Now a manager could see exactly where a vehicle was at a given point in time. In the US the first employee GPS monitoring case came before the courts in 2013. His employer suspected that the employee was submitting false time reports and returning home from extended business trips earlier than his timesheets showed. The employer’s action was to secretly attach a GPS unit to his vehicle. Their suspicions were confirmed and the tracking information showed that he was spending considerable work time at the house of his secretary – and she wasn’t taking any filing work home with her! He was dismissed and the court of appeal said that using a GPS tracking device to confirm suspicions was reasonable.
Fast forward to today and the technology we have available to track people and things is quite incredible.
GPS units in vehicles are still available but they are now cheaper and smaller. They can be used for real-time or retrospective tracking. Going a step further though most of us carry a powerful GPS unit in our pocket every day. A modern mobile phone uses AGPS (Assisted GPS) which delivers even faster results for location tracking. There are a multitude of apps available for your smartphone that will allow other users – with permission – to track your whereabouts. It was way back in September 2011 that Tahira Donohoe made the national news when her phone was stolen at school and Tahira and her Dad then used ‘Find my iphone’ to track the bus that the thief was on. They eventually brought the Police into the chase and they recovered the phone.
Going a step further, there are devices that are not much larger than two coins joined together that allow tracking and recording of the device’s location. Tile and Trackr are two such low-cost devices that use Bluetooth connections to nearby phones to allow a device to be tracked and located. My youngest daughter has a Tile in her favourite teddy bear so she can always find it.

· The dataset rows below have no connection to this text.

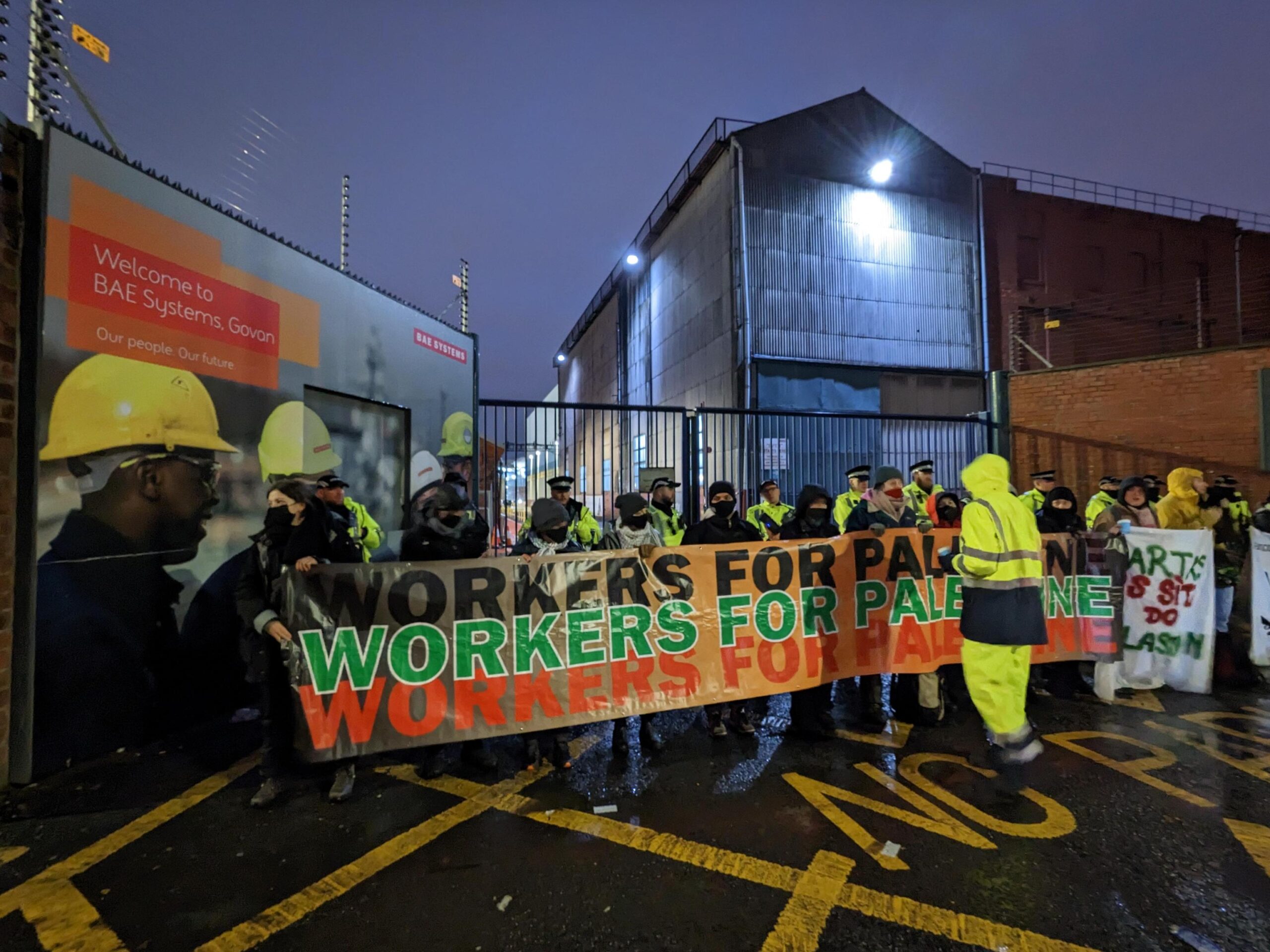 Protestors have blocked the gates to BAE Systems shipyard in Govan in an effort to “shut down sites which produce components for the F-35 fighter jet”.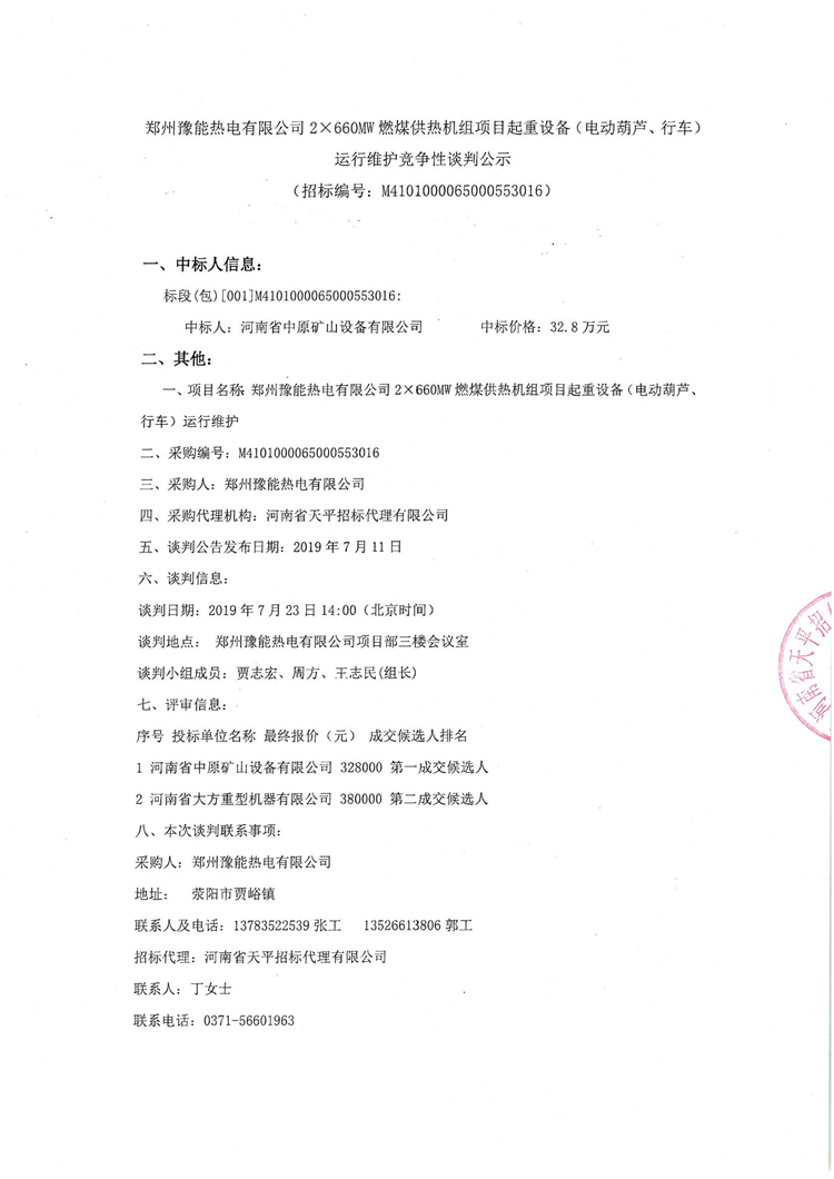 移動版:鄭州豫能熱電有限公司2×660MW燃煤供熱機組項目起重設(shè)備(電動葫蘆、行車)運行維護競爭性談判公示
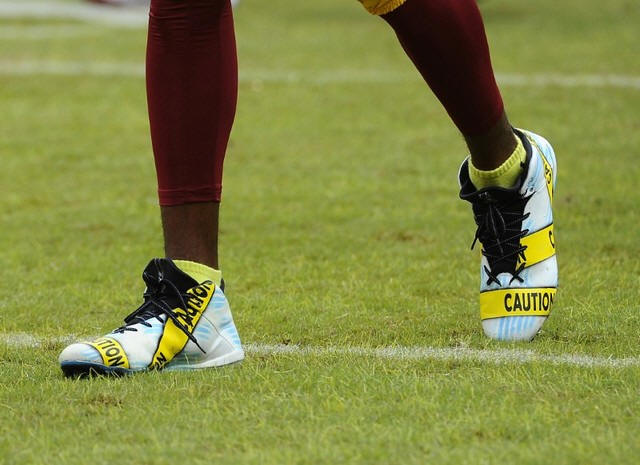 custom-made cleats during Washington's game at FedEx Field in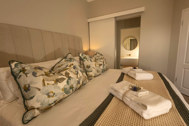 Positioned above the clear blue waters of the Indian Ocean, this contemporary and inviting holiday apartment offers comfort, privacy, and uninterrupted sea views. Guests benefit from close proximity to the beach, access to nearby forest trails, and a calm atmosphere that defines Brenton-on-Sea as one of the Garden Route’s lesser-known coastal treasures. The apartment comfortably accommodates up to six guests and consists of three bedrooms and two bathrooms. The main bedroom is appointed with a king-size bed and includes an en-suite bathroom fitted with a bath, shower, toilet, and washbasin. The second bedroom features a queen-size bed, while the third bedroom is furnished with two single beds. These two bedrooms share a bathroom equipped with a shower, toilet, and washbasin. Quality bed linen and bath towels are provided for guest convenience. The open-plan living space incorporates a well-equipped kitchen fitted with a stove, oven, microwave, dishwasher, fridge-freezer, and tea- and coffee-making facilities. A washing machine and tumble dryer are also available for longer stays. Meals can be enjoyed at the six-seater dining table, while the lounge offers comfortable seating and a Smart TV with streaming services. Additional features include UPS-backed internet connectivity and rechargeable lamps to ensure uninterrupted comfort. Outdoor features include a balcony with seating, a private gas braai, and access to a communal swimming pool. Secure parking is provided in a covered garage.
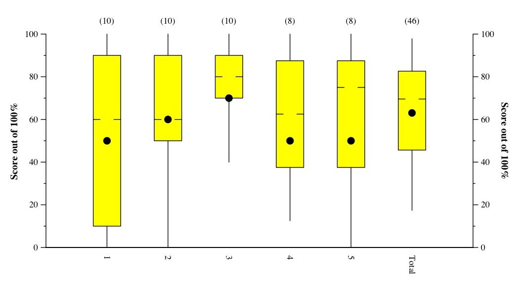 (This is a Tukey Plot, which has lines to the max and min, yellow box denoting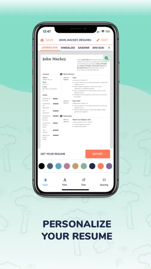 Like to have full visual control over your resume's colors, fonts, margins and spacing? You got it.
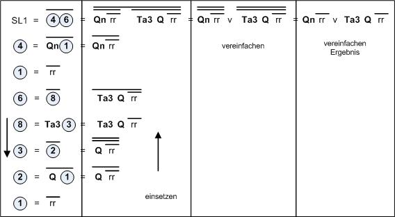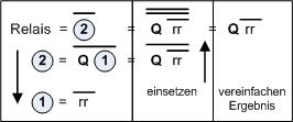 Aus der Wahrhetstabelle kann man sofort auch die Schaltfunktion ableiten. Vom Ausgang z.B. Relais schreibt man rechts die Eigabegrößen hin. Ist dabei wieder ein Meßpunkt, so muß dieser wieder durch die Eingabegrößen beschrieben werden. Das wird solange betrieben bis rechts keine Meßpunkte stehen, dann setzt man rückwärts alles ein und erhält am Ende oben die Schaltfunktion. Die läßt sich eventuell mit den Gesetzen der Schaltalgebra vereinfachen, hier z.B. die doppelte Negation hebt sich auf (siehe folgendes Bild).

There is no doubt that the technology is available to track cars; people and things and the accuracy – even inside buildings – is surprisingly good. That brings me back to one of my first points. The ethics. There are certain laws in place in relation to tracking in terms of employees but I am not sure of the legality of tracking family members. Ethics and the law are not always aligned but the answer to me seems fairly simple. Inform. If you want to track employees or family members or teddy bears, make it known that tracking is in place and the reasons why and, once agreement is reached, who could complain? I just hope the teddy bear union doesn’t find out about my daughter’s situation!